Now that I’m done with My Lady Gambler, I’m on a regency romance kick. I know, I know, they’re not spicy/hot/erotic, but I adore them. I love the historical flavor. I love the way they’re all about snappy dialogue and social situations. And I didn’t want to read a single one while writing My Lady Gambler because I didn’t want to be influenced too much!

In the last two weeks alone, I’ve read Ridiculous, Miss Grimsley’s Oxford Career, and The Duke’s Tattoo. (I’ve also read few others, but these are the standouts.) I recently heard about one, Libby’s London Merchant, which involves some bonus cross-dressing.

8.    Who designed the cover of your latest book?

I was super-lucky to get Anne Cain to do my covers. She’s got an amazing portfolio of book covers, and I’d already contacted her before I also learned that:

(a)  I’d once picked up a book in the bookstore based on the cover, and it was one of hers!

(b) She’s a professional Amazon cover artist.
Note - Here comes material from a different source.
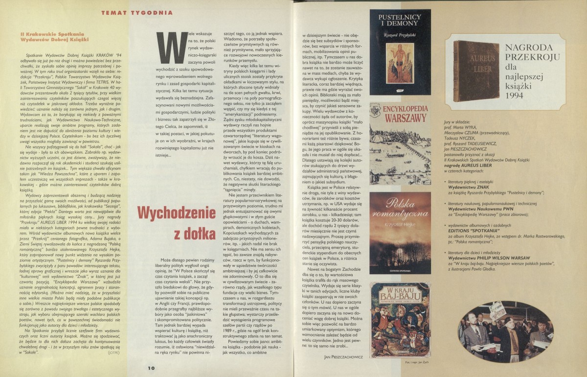 Archiwum / Artykuł nr specjalny 44/1994 12/54 Podziel się Tytuł Wychodzenie z dołka Autor Jan Pieszczachowicz Kategoria Artykuł Artykuł z numeru nr specjalny 44/1994 Data wydania 30 października 1994 Tagi rynek wydawniczo-księgarski książki literatura

(c)  She also does marvelously geeky fanart. Her recent Loki character study is gorgeous!



My Lady Gambler
Stories of Erotic Romance, Corsets, and an England That Never Was
Victoria Pond

Genre: erotica, erotic romance, steampunk romance, steampunk erotica, steampunk Regency

978-9886468-0-3 (ePub)
978-9886468-1-0 (MOBI)

Number of pages: 200
Word Count: 50,000

Cover Artist: Anne Cain


Book Description:

A collection of erotic romance in the Age of Steam, featuring a Regency novella...

Cara St. Cross is determined to play at the highest-stakes poker club in all of Great Britain... even if getting in requires her to dress like a man. Stanley, Lord Greenhope, doesn’t truly believe that “Mister” St. Cross has had relations with his wife, but that doesn’t stop him from challenging the (wo)man to a duel.

In the early Age of Steam, duels are still legal, young ladies get kidnapped to Gretna Green, and only the villains seem to care whether Cara wins at the tables.

As well as the Regency novella, My Lady Gambler, this collection includes three short stories of Victorian-style steampunk erotica:

Miss Carlotta Stembridge crafts her own troupe of dancing automatons in “The Clockwork Dancers”. When she meets a flesh-and-blood dancer who steals her heart, she must fight society and her own creations if she wants to keep him in her life.

In “On the Curious Condition of the Anachronism in Modern Aviation Structures,” First Mate Jess Priory of the merchant airship Aer Nova offers passage to a handsome doctor. Lucky thing she did, since his skills come in handy when the ship is attacked!

The possibility of a time machine causes more problems than it solves in “Dorothea Franklin’s Marvelous Machine,” Thankfully, the inventor can console herself with the darkly sexy, powerful Sir George, Grand Master of the London Masons.

 About the Author :

Victoria Pond is a professional writer on projects ranging from video games to novels. She lives in Seattle with a husband and a cat, where she sings with a Celtic band and is working on the next novella in her steampunk erotica universe.